Концерт тянется уже минут двадцать. Я ненавижу живую музыку, но вокруг нас все стоят и одобрительно орут, стараясь, видимо, перекричать грохот, который обрушивается на нас из огромных усилителей. Единственное удовольствие, которое я получаю, — видеть, что Скотт и Анна Смайли сидят на десять рядов позади нас, — их места гораздо хуже, хотя стоят наверняка столько же. Керрутерс меняется местами с Эвелин, чтобы обсудить со мной какие-то деловые вопросы, но я не слышу ни слова и тоже меняюсь местами с Эвелин, чтобы поговорить с Кортни.
— Луис — идиот, — кричу я. — Он ничего не подозревает.
— Эдж в Armani, — кричит она, указывая на басиста.
— Это не Armani, — кричу я в ответ. — Это Emporio.

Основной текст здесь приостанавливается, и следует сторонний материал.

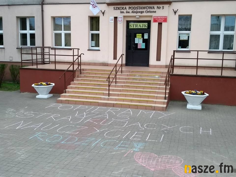 Podobne napisy pojawiły się również m.in. przed szkołami podstawowymi o numerach: 5, 9 czy 10 w Zduńskiej Woli. Przed zduńskowolskim sądem odbywają się także cykliczne wiece poparcia dla strajkujących nauczycieli.

— Нет, — кричит она. — ArmaniАрмани.
— Приглушенные светло серые тона, а также темно-серые и синие. Четкие лацканы, неяркая клетка, горошек и полоска — вот Armani. Не Emporio, — кричу я, зажав уши руками. Меня раздражает, что она этого не знает и не отличает одно от другого. — Вот в чем разница. А который из них Ледж?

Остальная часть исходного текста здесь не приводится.